Wednesday, February 13, 2008

Along the Way...in Portugal

Jerome and my flight to Lisbon, a red eye, was fairly uneventful after a tablet of Dramamine and a beer in the airport I don’t recall much of the flight. The food, which we supplemented with our own local fare, was unmemorable and I medicated my body with plenty of water during my waking hours.

When we arrived in Portugal around 8 am local time, I was disoriented, tired and lost. The customs checkpoints and baggage claim were fairly simplistic as was finding the Hertz rental car pick up. But, arriving in a new airport, in a new country half awake can certainly disorient a girl. But armed with Internet maps, and googlemaps driving directions to our next destination I felt secure…until we got on the roads.

Partially because Jerome thinks I’m a crazy driver and partially because he’s...an architect he decided to drive. While I’m not exactly a stellar ‘map-girl,’ I had come prepared and printed out directions for our 5-hour drive from Lisbon to Porto days in advance (placing all my trust in Googlemaps). I even worked in several stops along the way, which I centered around breakfast, lunch and rush hour traffic. Our maps and directions worked well, although the hidden freeway signs and uniquely lettered or numbered highways sent us in the wrong direction more than once.
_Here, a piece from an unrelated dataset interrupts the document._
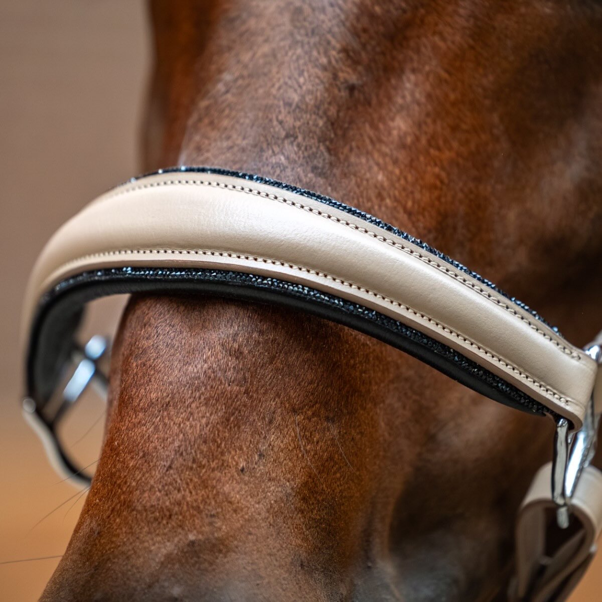 Equestrian Stockholm präsentiert mit dem Glimmer Leather Anatomic Halter Sand ein hochwertiges Lederhalfter, das Komfort, Funktionalität und elegantes Design vereint. Die anatomische Form unterstützt eine druckentlastende Passform und sorgt für ein angenehmes Tragegefühl. Edle Details und eine stilvolle Farbgebung machen dieses Halfter zu einem echten Blickfang. Ideal geeignet für Turniere, Transport und den täglichen Einsatz. Ein Halfter, das höchste Ansprüche erfüllt.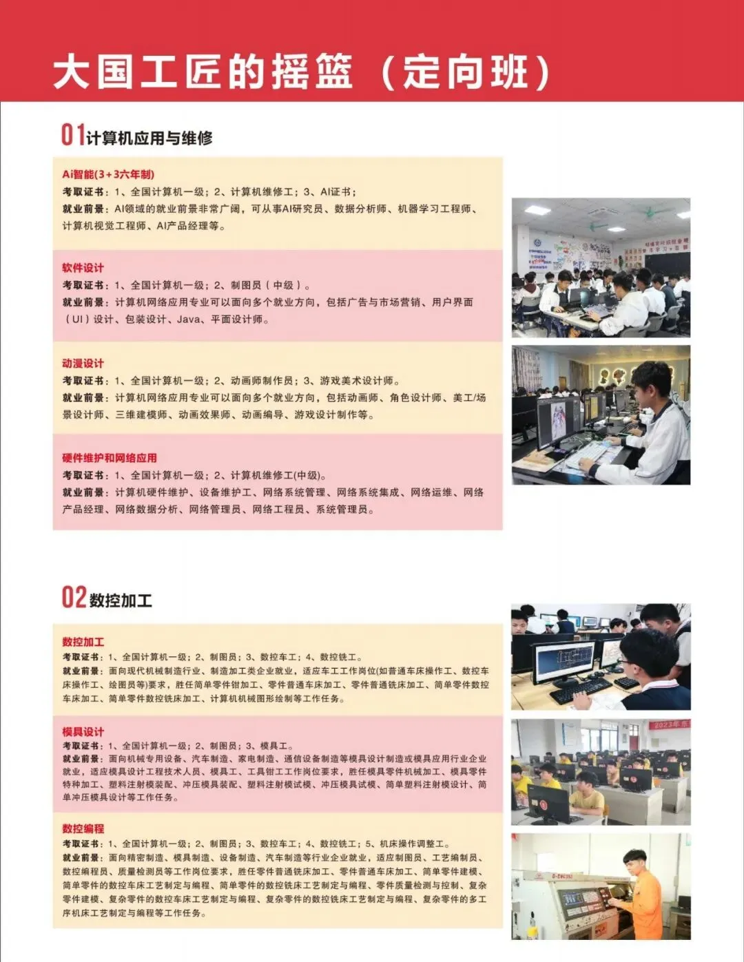 东莞市中德技工学校2016年创办,位于“中国最美小镇”清溪镇,毗邻深惠,交通便捷。校园占地8万㎡、建筑面积9万㎡,环境雅致,师资雄厚,设施完备。依托政企支持,以集团化共建打造“优质招生、严格管理、精心培养、精准就业”特色办学体系,建校八年教学质量稳步提升,获广泛社会认可。

Luckily, our comical 4-volt car which I lovingly named Wee-Man (although Jerome wouldn’t stop calling him Man O’ War after a Portuguese jellyfish) made it safely onto the correct freeway and topped out around 80 MPH.
Our first stop was Obidos (http://www.portugalvirtual.pt/_tourism/costadeprata/obidos/index.html) in the Estremadura region, which we reached about 10 am. After reading about it’s romantic past, as a medieval walled city gifted from King Dom Dinis to Queen Dona Isabela in 1228 and it’s divine annual chocolate festival, I was eager to add it to our list of ‘must see cities.’ The city was everything I wanted for our first stop, historical but not overwhelming, quite but open-for-business and big enough to offer options but perfectly walkable. We toured the small city by foot and saw it’s churches, schools, shops, omnipresent castle and aqueduct before we sat down for a snack of homemade hummus noodles. It was a sweet city and a great first stop just a hop, skip, and jump away from Lisbon.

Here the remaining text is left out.